Como disseram Zabala e Arnau (2010, p. 55),

[...] destacamos, por um lado, que a obrigação de propormos um ensino baseado no desenvolvimento de competências provém [...] das declarações atuais sobre o papel do ensino [...] se orientar para o desenvolvimento de todas as capacidades do ser humano, ou seja, para a formação integral das pessoas. [...] Até agora podemos entender a importância do uso do termo “competência” como uma forma de entender que o saber deve ser aplicável, que o conhecimento toma sentido quando aquele que o possui é capaz de utilizá-lo.

Entender que a vida é ação permite refletir o currículo por competências27 como necessidade de preparação do profissional para sua prática específica e para a vida, no sentido lato do termo.

Desta feita, a elaboração de um currículo que permita a convergência de saberes, por meio de projetos transversais, interdisciplinares e transdisciplinares, que privilegie o “aprender a aprender” e as práticas qualificadas, se torna um

caminho coerente em relação aos cursos de Direito, em face às novas demandas expressas pelos princípios universais humanitários28.

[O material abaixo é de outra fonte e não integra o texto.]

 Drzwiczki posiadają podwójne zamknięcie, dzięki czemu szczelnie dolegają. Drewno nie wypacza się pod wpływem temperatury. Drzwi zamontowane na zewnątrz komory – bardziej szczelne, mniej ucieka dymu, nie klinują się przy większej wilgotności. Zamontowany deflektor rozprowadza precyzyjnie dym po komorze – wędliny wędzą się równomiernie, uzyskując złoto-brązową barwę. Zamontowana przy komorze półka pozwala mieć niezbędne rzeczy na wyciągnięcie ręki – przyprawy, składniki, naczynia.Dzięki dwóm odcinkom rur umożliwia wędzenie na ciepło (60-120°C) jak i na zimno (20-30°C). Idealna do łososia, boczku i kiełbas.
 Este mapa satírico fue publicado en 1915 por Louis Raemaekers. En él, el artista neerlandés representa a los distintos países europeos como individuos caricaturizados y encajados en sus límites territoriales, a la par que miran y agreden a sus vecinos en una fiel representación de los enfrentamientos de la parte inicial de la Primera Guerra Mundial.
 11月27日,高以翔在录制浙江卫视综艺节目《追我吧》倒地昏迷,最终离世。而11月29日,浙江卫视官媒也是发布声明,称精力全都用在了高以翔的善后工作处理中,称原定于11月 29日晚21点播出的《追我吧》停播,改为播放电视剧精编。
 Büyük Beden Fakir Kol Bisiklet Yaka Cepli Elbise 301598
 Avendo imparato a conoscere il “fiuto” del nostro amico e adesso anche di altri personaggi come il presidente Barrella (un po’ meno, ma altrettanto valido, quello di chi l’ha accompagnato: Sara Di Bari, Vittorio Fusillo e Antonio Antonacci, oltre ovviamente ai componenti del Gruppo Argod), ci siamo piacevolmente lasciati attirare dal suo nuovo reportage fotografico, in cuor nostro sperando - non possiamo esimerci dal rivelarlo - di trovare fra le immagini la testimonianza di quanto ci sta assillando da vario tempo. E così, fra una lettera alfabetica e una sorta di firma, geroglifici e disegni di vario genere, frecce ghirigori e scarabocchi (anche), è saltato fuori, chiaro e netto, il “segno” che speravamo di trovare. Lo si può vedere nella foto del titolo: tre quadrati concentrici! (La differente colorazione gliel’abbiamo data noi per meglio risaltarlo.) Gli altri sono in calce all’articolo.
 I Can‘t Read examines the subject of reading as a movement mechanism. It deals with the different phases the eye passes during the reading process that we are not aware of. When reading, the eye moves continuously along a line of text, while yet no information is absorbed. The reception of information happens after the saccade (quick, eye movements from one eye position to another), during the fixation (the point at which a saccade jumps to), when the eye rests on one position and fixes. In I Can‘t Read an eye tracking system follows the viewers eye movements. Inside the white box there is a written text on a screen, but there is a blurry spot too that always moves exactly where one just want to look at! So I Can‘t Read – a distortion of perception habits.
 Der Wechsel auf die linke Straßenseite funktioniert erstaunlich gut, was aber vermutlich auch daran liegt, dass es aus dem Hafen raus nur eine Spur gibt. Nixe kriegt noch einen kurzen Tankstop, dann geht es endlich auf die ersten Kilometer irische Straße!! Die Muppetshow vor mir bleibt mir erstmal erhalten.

Não apenas o mundo do trabalho e a dinâmica dos ambientes cooperativos destacam a necessidade do processo formativo centrado na desenvoltura de competências, mas também as transformações do mundo real, do século XXI, as quais reverberam a cultura de uma necessária adaptação aos processos de incerteza e de complexidade.

A discussão sobre a necessidade de novas competências aos profissionais do século XXI tem espaço resguardado nos fóruns educacionais nacionais e internacionais. O relatório The Future of Jobs, publicado no World Economic Forum (2016), analisou as mudanças pelas quais passarão as relações de emprego, a qualificação dos profissionais e o mercado de trabalho.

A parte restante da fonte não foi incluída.